Arturo Zagado is a Senior Data Scientist at deepsense.ai, collaborating with Brainly on automated content quality assurance.

Brainly's core product is a community Q&A platform helping over 1.5 billion students worldwide.

The platform uses AI to personalize the learning experience for students and parents.

AI strategies at Brainly include investments in content, user attributes, visual search, and curriculum analysis.

Traditional content moderation strategies have limitations such as bias, delays, and scalability issues.

AI can augment the moderation process by classifying content into high risk, low risk, and request to fix categories.

The multi-label classification approach groups different content labels for better moderation.

Demonstration of the automated content quality assurance system showcasing its capabilities.

Use of machine learning frameworks and libraries such as scikit-learn, Neptune AI, and various NLP tools.
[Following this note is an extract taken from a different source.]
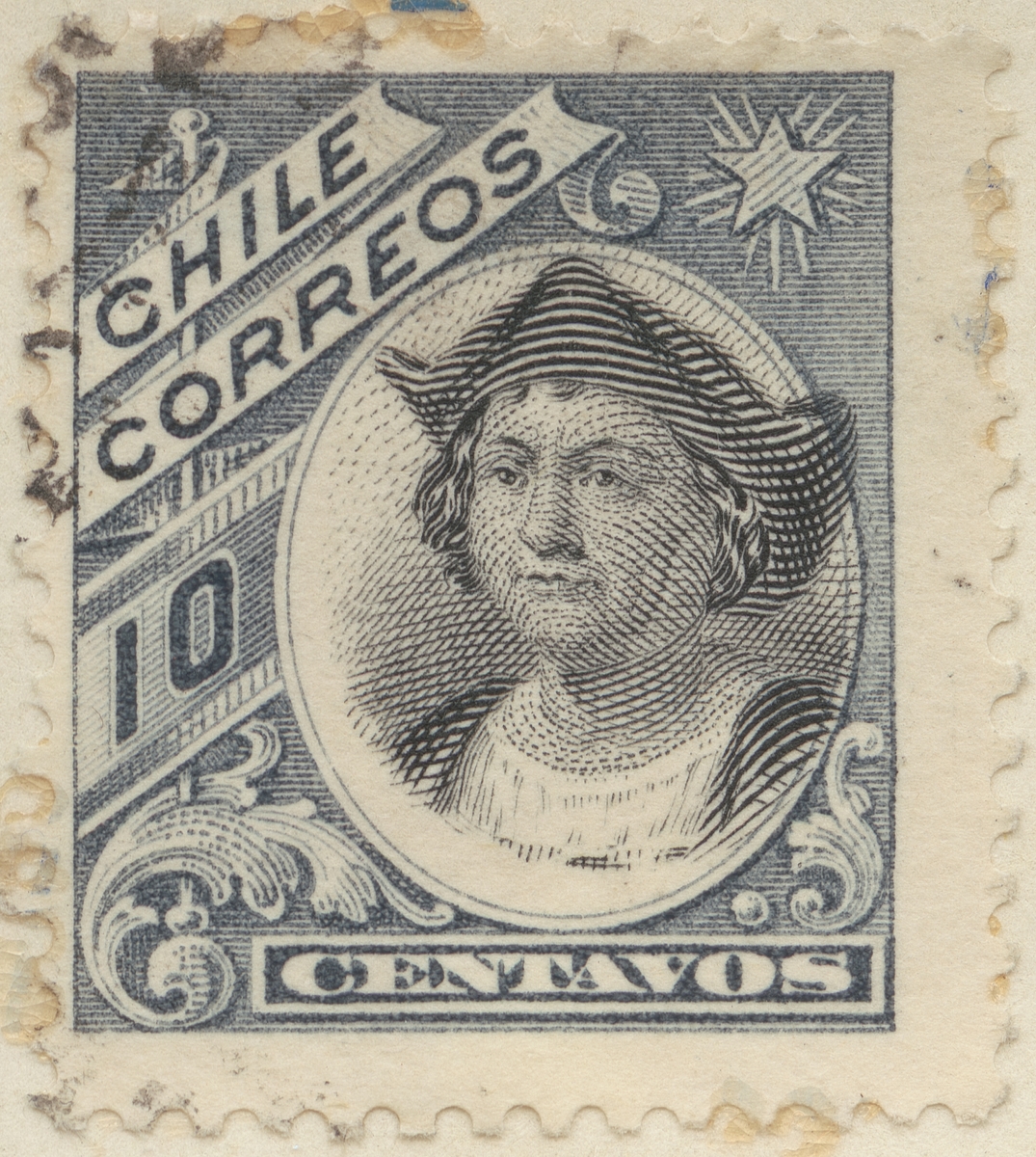 Frimärke från Chile, 1905. Motiv av Christopher Columbus 1446-1506 -1492 första resan över Atlanten-

The system is deployed on Amazon Web Services with a combination of serverless and microservices architectures.

Deepsense.ai's expertise in predictive analytics, computer vision, and NLP contributes to the development of the AQA system.

Lessons learned from the project include the importance of manually annotating data samples and analyzing user behavior patterns.

The project utilizes zero-shot classification for identifying low-quality questions without needing labeled data.

State-of-the-art NLP solutions are integrated into the system for tasks like toxicity detection and language identification.

Future directions include improving baseline models, researching mathematical formula detection, and expanding to other markets and languages.